"His Cancer Is Ruining Our Marriage"
"I am such an idiot!" said Jeff, 35. "I knew I should have seen another doctor when the first guy I consulted kept brushing off my questions about cancer. I had a gut feeling that something was really wrong but I wanted to believe that he was right, that I was being an alarmist. When the biopsy came back positive I thought I was going to black out. Since then I've been in mental free fall.
"Amy pressures me relentlessly to calm down and stop second-guessing my doctors. If only I had challenged them more, we could have caught the cancer earlier! And if I hadn't pressed for a biopsy, I'd still be in horrific pain with no clear answers. Besides, I earn my living by analyzing and questioning -- I'm incapable of doing anything else. Instead of fighting me, Amy should be supportive. For all she knows I could be one keystroke away from a critical piece of information. Her anxiety makes me feel worse, not better. Yes, I know I retreat into a shell, but I can't help it. I need to handle this my way. It's not like before, when Amy almost left me because she thought I was ignoring her. Marriage counseling helped us through all that. This is different. I'm sick, and I'm afraid.

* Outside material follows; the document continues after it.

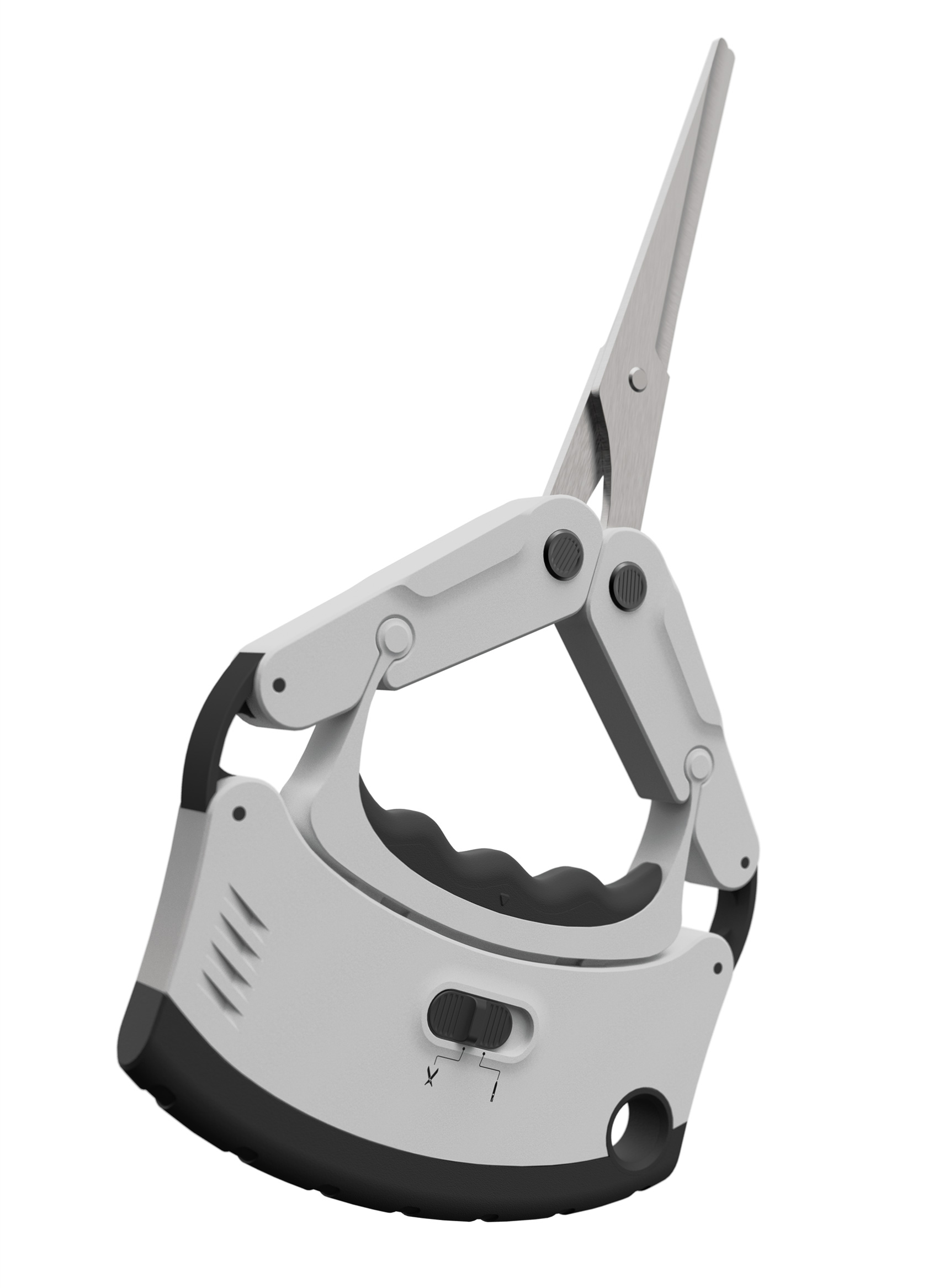 Palmello is an adaptive scissors operated by palm pressure, designed for individuals with arthritis and reduced fine motor skills. Traditional scissor designs require repetitive finger movements, a bent wrist, and curling of the fingers while gripping the handle or loop, which can potentially cause musculoskeletal issues. These challenges often hinder individuals with hand-related issues from using scissors for everyday tasks. Recognising this, Palmello introduces a new interaction method and ergonomic design aimed at enhancing usability for all users. Palmello operates like a hand gripper, requiring a simple squeezing action to actuate the blades. The inclusion of flexure hinges provides a spring action, ensuring that the blades open automatically when the handle is released. The handle mechanism is ambidextrous and helps maintain a neutral wrist position during cutting. Safety is ensured with a blade-locking mechanism that features a sliding button to lock the blades when not in use. Palmello seamlessly combines distinctive aesthetics with functionality, embodying the principles of human-centred design. Red Dot Award: Design Concept | Red Dot: Next Gen Award | Concept | Ageing and Geriatrics

"She's right about my attachment to work, though. Right now it's the only thing that keeps me sane. It's when I'm away from work that the problems start to overwhelm me. Sometimes I feel as if I'm drowning. I get that same sense of the world closing in that I felt when I first heard the diagnosis, and it's hard to stay hopeful. Amy has to understand that and back off. I know I'm surly and argumentative, but I'm furious! Why me? Why now? Why didn't my doctor figure this out months ago -- and why didn't I push him harder or find another doctor? I was so stupid! My type of cancer has a high recurrence rate, even with the surgery and radiation. The doctors tell me that every person is different, that they don't know what my prognosis is, that they have to wait and see. Well, I tell them I'm still young and otherwise healthy and have no intention of becoming a statistic. I am determined to survive this disease.
"That's on my good days. Unfortunately, I have a lot of bad ones, too. I don't want to scare Amy, but there are nights when I lie awake terrified I'll die or become so sick that I'll be a burden to her. Maybe this time she really will leave me -- and I wouldn't blame her.
"Even if I recover, our marriage could be ruined, anyway. I could end up impotent, incapable of having sex with my own wife! She had her heart set on getting pregnant in the next year or so. Now who knows? That dream is probably shot, too.
"I love Amy. She's too young to have her life ruined because of me."